Data source: MUS, Author Calculated.

. It is worth noting that almost all covariates are statistically significant and the signs of the human capital covariates are all consistent with theory; e.g., potential experience and seniority are all positive and their quadratic terms are all negative to figure hump-shaped wage profiles over working experience and tenure. Besides, the marriage premium is about 5.7% and public sector employees’ monthly wage is on average 14.3% higher than private sector employees’ given other fixed factors.

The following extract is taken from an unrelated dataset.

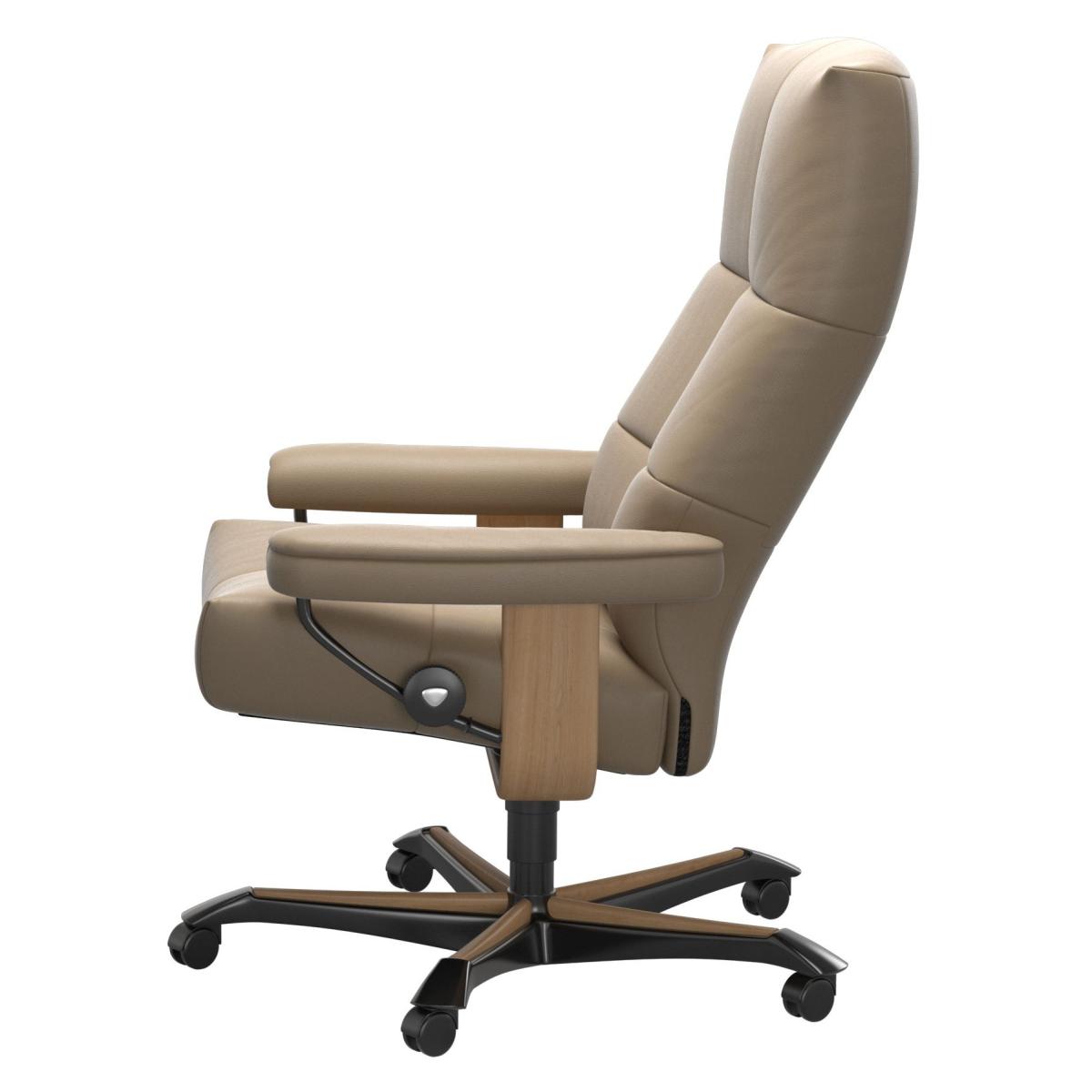 Stressless® David Home Office combines Flexo-springs, Comfort. Zones™ and multiple layers of soft foam providing you with the ultimate comfort experience. Stressless® David keeps you comfortable and supported at all times. The wheels on the base make it easy to move around, and there is a lever under the seat that allows you to adjust the seat height. Features: Plus™-system - Finally, a moment to yourself to recharge your batteries. Watch a film, read a good book or just wind down. Lean back and notice how the chair follows your movements. The unique Plus™ system always gives you maximum comfort and support for your neck and lumbar region, regardless of whether you’re sitting or lying down. The sleep function is activated with a simple hand movement, making your moments of comfort even better. Sleep tight. Glide™-system - Set the friction of the Stressless wheels once and adjust your sitting position simply by using your body weight. Dimensions: Width - 75cm Depth - 69cm Height - 110cm Height max - 117cm Seat height - 47cm Seat height max - 54cm Seat depth - 46cm All screens vary in colour reproduction and whilst every effort has been made to display the colour as accurately as possible it is for guidance only.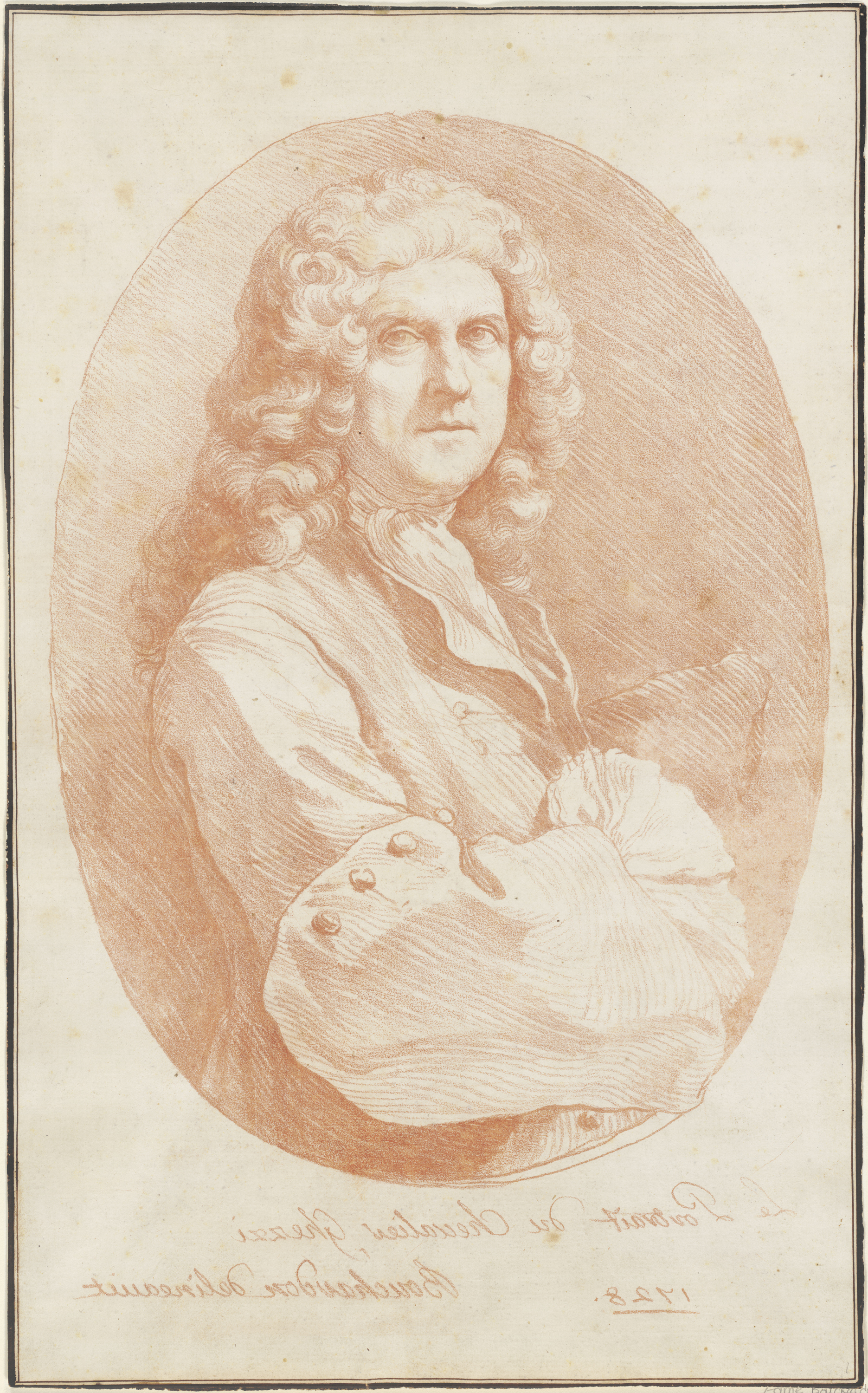 Few works, however, have the evocative, true-to-life quality of the RISD portrait, with exception of the only other two known portraits from Bouchardon’s time in Rome. The first is a poignant self-portrait with eyes closed, hands held in a gesture of exhausted resignation (Fig. 1); the other is a portrait of his good friend and fellow artist Pier Leone Ghezzi (see Cat. 42 ↙), known today only through a rather flat counterproof at the Yale University Art Gallery (Fig. 2). A personal significance or connection, therefore, appears to have added a certain vital warmth to Bouchardon’s technical facility and acute powers of observation. Furthermore, the fact that Bouchardon was attracted to men may also inform how we view the present work, and contribute to explaining why this lovingly executed drawing of the young Aliberti is endowed with a power and individuality absent from much of his other work.6 | JG

For the DDD model control variables, we are interested in α7 and δ7, which represent the treatment effects of educational expansion on the university wage premia of the two separate decades after 1995. The treatment effect of the first period was −12.1% and that of the second period, −20.8%. The results indicate the negative effect of higher-education expansion resulted in a 12% lower university wage premium for the junior group in comparison with the senior group in years 1996–2005, while the negative treatment effect enlarged to be 21% in years 2006–2015. Both in the short term and longer term, the expansion of higher education does affect the wages of university graduates in Taiwan. Obviously, higher-education expansion inevitably led to the worsening of the university wage premium of the junior group in Taiwan. Findings of this study are inconsistent with those of Ma (2019), who found that China’s higher-education expansion policy had a short-term impact on the wages of new university graduates; but in the long term, the negative impact of the policy on wages disappeared. Different results between Taiwan and China may be caused by various labor market conditions.

5. Conclusions

In the mid-1990s, after the implementation of the policy of liberalization and expansion of higher education in Taiwan, the redistribution of educational resources affected the accumulation of personal human capital, which led to a change of labor productivity and the relative wages of university graduates decreased more than those of non-university educated workers. This paper analyzes the effects of a higher-education expansion without thorough consideration of the possible effects on wage structure across the educational categories. As Taiwan’s university numbers had tripled from the mid-1990s to the early 2000s, the graduates with university diplomas fluxed into the labor market and reduced job opportunities for lower-than-university educated workers. On the other hand, the oversupply of university graduates was in terms of quantity but not necessarily in terms of quality, and may further depreciate the value of the university premium. The empirical estimates show that the university wage premium depreciated by 12% in the first decade after the higher-education expansion, and was further devalued by 21% in the second decade after the expansion. Findings of this paper are consistent with those of Gindling and Sun (2002) and Hsu (2021). In conclusion, dramatic expansion of higher education may not increase the quality of human capital in the short run but will more likely depreciate the value of credentials. It would be insightful to explore the impact of education expansion on university wage premia across the wage distribution; this is the topic of our future research.